Segment Start: Dataset excerpts
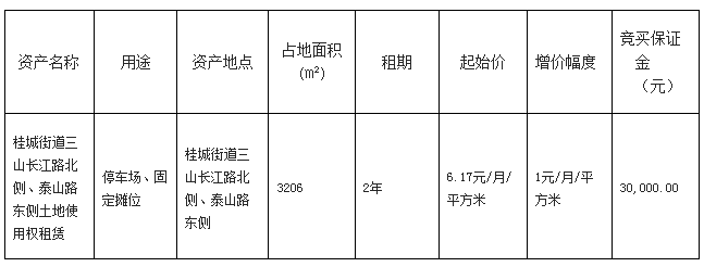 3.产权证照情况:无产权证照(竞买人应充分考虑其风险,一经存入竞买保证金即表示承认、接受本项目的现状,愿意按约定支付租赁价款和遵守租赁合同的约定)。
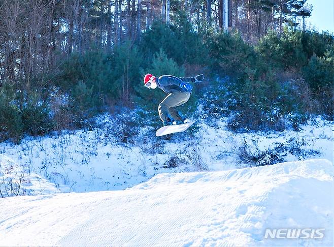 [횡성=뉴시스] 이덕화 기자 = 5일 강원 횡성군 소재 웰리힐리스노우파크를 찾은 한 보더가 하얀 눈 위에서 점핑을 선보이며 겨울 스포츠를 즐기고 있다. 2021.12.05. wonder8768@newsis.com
Segment End: Dataset excerpts
Segment Start: Dataset excerpts
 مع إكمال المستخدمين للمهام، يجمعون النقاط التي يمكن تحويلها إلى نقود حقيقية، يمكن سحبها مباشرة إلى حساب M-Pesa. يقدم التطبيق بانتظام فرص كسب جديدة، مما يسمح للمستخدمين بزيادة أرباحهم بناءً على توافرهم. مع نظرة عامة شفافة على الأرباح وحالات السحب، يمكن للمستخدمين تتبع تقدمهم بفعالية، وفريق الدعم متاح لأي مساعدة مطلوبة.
Segment End: Dataset excerpts
**Exercise objective**
Nothing but the lines above from the line with "3.产权证照情况:无产权证照" up to and including the line with "[횡성=뉴시스] 이덕화 기자" should be returned, exactly as written and without pictures.

**Output for this exercise**
 3.产权证照情况:无产权证照(竞买人应充分考虑其风险,一经存入竞买保证金即表示承认、接受本项目的现状,愿意按约定支付租赁价款和遵守租赁合同的约定)。
 [횡성=뉴시스] 이덕화 기자 = 5일 강원 횡성군 소재 웰리힐리스노우파크를 찾은 한 보더가 하얀 눈 위에서 점핑을 선보이며 겨울 스포츠를 즐기고 있다. 2021.12.05. wonder8768@newsis.com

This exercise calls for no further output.